Your largest asset is your ability to earn that paycheck. As your paycheck increases, so to does the risk of unsustainable lifestyle for you and your family. A solid plan will include, at minimum, the following:
- Your sources of income, post disability?
- Will you have enough to cover expense?
- If not, which expenses can be lowered or eliminated?
Step 1. Complete the Income/Expense Review if you have not done so already
The first step is getting a clear picture of where your money is coming from and where it’s going. Every client we serve goes through this process. Our tools and technology make it painless and simple.

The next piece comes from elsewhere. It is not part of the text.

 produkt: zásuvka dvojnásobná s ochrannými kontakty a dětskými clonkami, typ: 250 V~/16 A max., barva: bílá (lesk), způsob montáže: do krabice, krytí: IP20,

Step 2. Adjusting your expenses
Many of us live beyond our means. That can be sustainable as long as your ability to earn income is not disrupted. If you lost your ability to earn your current paycheck, would it turn your world “upside-down.” In other words, your expenses would exceed your income. So Step 2 is looking for ways to reduce spending.
- Where could you cut?
- Cable TV
- Club and gym memberships
- What else?
Step 3. Find Additional Sources of Income
Now that you’ve pruned unnecessary spending, it’s time to look for alternate sources of income. Without your usual paycheck, you’ll need extra money to help you and your loved ones weather the financial storm.
Employer Sick Pay
Does your employer have sick pay programs for employees? Eligibility and payments vary from company to company. It’s important to know in advance what payments might be available to you if you can’t work. Ask your human resources manager for program details.
Disability Insurance Benefits
Disability insurance can be an invaluable lifeline for disabled workers and their families.

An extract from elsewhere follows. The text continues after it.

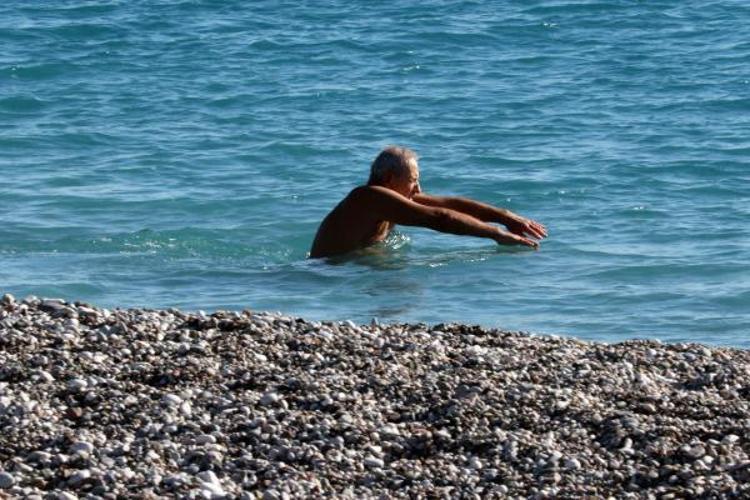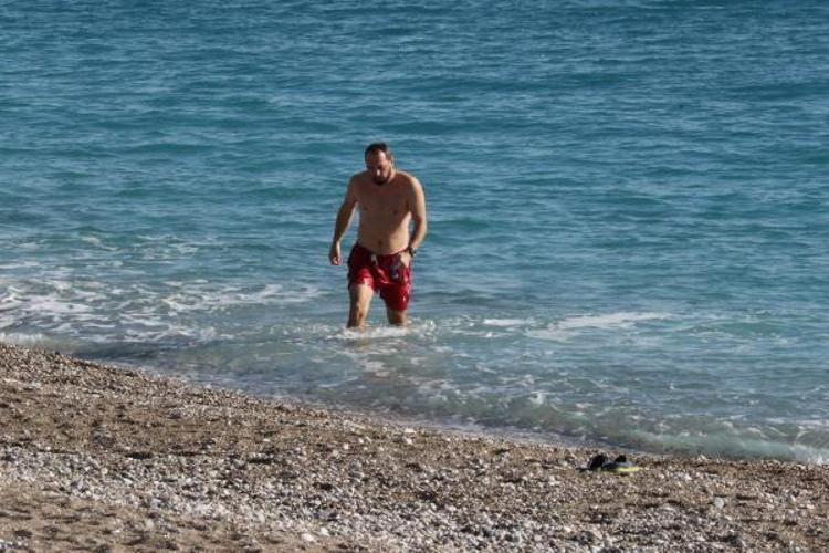 Tüm yurtta soğuk ve karlı hava etkisini gösterirken, Antalya'da ocak ayının ortasında yerli ve yabancılar denize girdi.

If your employer offers disability insurance make sure you fully understand what benefits are available to you and how your company’s disability insurance program works.
If disability insurance is NOT provided by your employer, it can be purchased individually at affordable rates. Contact your insurance agent for more information.
Self-employed individuals can also benefit greatly by having disability insurance. Consult your financial advisor or insurance agent for assistance.
Social Security Disability Insurance (SSDI) and Workers’ Compensation
Social Security If you become disabled, you may qualify for disability benefits through the Social Security Disability Insurance program. Usually a six-month waiting period before SSDI benefits begin.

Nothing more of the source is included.